I have long understood that the Christmas season, so full of joy and hope, also so full of depression and despair, represented in our culture a sort of hope of Heaven. We speak of joy and celebrate life together and, indeed, we often experience joy during this season. We also portray a collective vision of life and relationships that is well beyond the reality most people experience, thus leading to bouts of depression over broken relationships or the pain of remembering the loved ones who have passed on and are unable to celebrate with us.
So Christmas serves in our culture as a metaphor for Heaven, eliciting happiness or despair and most often a mix of both. For the believer, there is ultimately hope as they face the world’s brokenness and “set their hope on the grace to be given them on the day of Christ Jesus.” (1 Peter 1:13)
What I don’t think I ever realized is just how biblical this is. As I’m going through an Advent reading plan, it suddenly struck me that the Old Testament passages we read which point us towards the coming of Jesus are inextricably mingled with prophecies of the end times. Commentaries are full of helpful explanations to guide us to understand which prophecies are talking about his birth and which are talking about his return in the last days. Of course, this wouldn’t be necessary if it were not so difficult to keep it straight in our heads as we are reading it. The coming of the Messiah, as great as it was and is, simply isn’t complete until he returns to eradicate sin and make all things new.

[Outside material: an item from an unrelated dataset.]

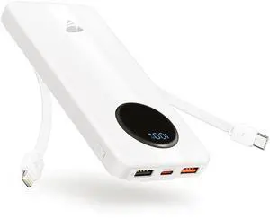 Aioneus Power Bank, 10000mAh Portable Charger with Built in Cables Fast Charging 22.5W USBC in/Out Travel PowerBank Battery Pack for iPhone 16 15 14 13 12 Samsung Galaxy S24 A15 Android Phone(1 Pack)
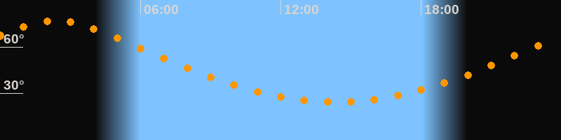 | Höchster Stand (Kulmination) | 02:23 Uhr (h = 76,9°) |

Therefore, our reflection on the birth of Christ rightly produces both true joy and deep unfulfilled longing at the same time. We rejoice that the prophets were correct when speaking of the coming of Jesus. On this side of history we can celebrate the salvation that even we Gentiles experience in the here and now through the grace Jesus purchased on the cross. We also have the joy of knowing we will be with God forever on a new Earth that will be infinitely more beautiful than any Norman Rockwell or Thomas Kinkade painting would lead us to imagine. And yet this is no reason to strip away all of the experiences that fall short of the reality. On the contrary, we should embrace the imperfect visualizations of a perfect world, knowing full well that, as we wrap our arms around it, there may be thorns on the other side. As we do this, we should remember the great hope that Jesus has brought into the world and into our lives, in particular. We should also remember that our citizenship lies elsewhere, in a perfect kingdom which will be consummated only with our Lord’s return.